- Exercise description -
Show all lines from the material that carry the word "with".

:: Dataset excerpts

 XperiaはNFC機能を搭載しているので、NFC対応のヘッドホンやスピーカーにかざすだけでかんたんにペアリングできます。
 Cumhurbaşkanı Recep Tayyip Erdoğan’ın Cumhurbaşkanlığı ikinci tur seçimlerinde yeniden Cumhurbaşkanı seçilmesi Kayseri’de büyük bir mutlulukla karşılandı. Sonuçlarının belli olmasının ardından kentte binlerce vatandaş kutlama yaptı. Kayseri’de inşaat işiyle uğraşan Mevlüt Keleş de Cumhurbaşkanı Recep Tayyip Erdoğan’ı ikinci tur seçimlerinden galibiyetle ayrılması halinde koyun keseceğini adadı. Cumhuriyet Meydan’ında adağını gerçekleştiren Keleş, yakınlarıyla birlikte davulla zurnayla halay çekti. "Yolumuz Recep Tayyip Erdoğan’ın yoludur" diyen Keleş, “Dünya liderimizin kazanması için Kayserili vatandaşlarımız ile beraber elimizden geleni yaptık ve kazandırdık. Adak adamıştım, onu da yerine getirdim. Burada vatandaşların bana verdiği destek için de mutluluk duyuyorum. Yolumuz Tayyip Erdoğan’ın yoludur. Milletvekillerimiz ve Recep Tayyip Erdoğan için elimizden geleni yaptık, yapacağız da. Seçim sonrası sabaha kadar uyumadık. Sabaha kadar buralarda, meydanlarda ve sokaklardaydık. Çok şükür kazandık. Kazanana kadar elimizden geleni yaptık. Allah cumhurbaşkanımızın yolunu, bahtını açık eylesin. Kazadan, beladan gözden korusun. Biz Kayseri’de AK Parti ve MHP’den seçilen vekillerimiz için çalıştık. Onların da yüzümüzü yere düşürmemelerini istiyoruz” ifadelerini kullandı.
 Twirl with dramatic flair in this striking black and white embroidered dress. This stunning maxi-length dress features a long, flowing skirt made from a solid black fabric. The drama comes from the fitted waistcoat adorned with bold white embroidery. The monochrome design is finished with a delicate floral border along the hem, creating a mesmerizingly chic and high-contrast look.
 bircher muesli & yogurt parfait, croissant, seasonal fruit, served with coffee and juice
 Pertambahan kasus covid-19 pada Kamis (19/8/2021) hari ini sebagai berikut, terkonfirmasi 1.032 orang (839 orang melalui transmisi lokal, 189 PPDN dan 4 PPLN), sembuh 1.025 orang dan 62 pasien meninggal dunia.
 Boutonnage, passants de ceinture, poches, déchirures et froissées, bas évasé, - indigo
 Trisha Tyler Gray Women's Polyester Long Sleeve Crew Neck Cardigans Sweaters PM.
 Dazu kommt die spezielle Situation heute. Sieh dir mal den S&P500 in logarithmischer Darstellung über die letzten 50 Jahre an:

::::

- The answer -
 Twirl with dramatic flair in this striking black and white embroidered dress. This stunning maxi-length dress features a long, flowing skirt made from a solid black fabric. The drama comes from the fitted waistcoat adorned with bold white embroidery. The monochrome design is finished with a delicate floral border along the hem, creating a mesmerizingly chic and high-contrast look.
 bircher muesli & yogurt parfait, croissant, seasonal fruit, served with coffee and juice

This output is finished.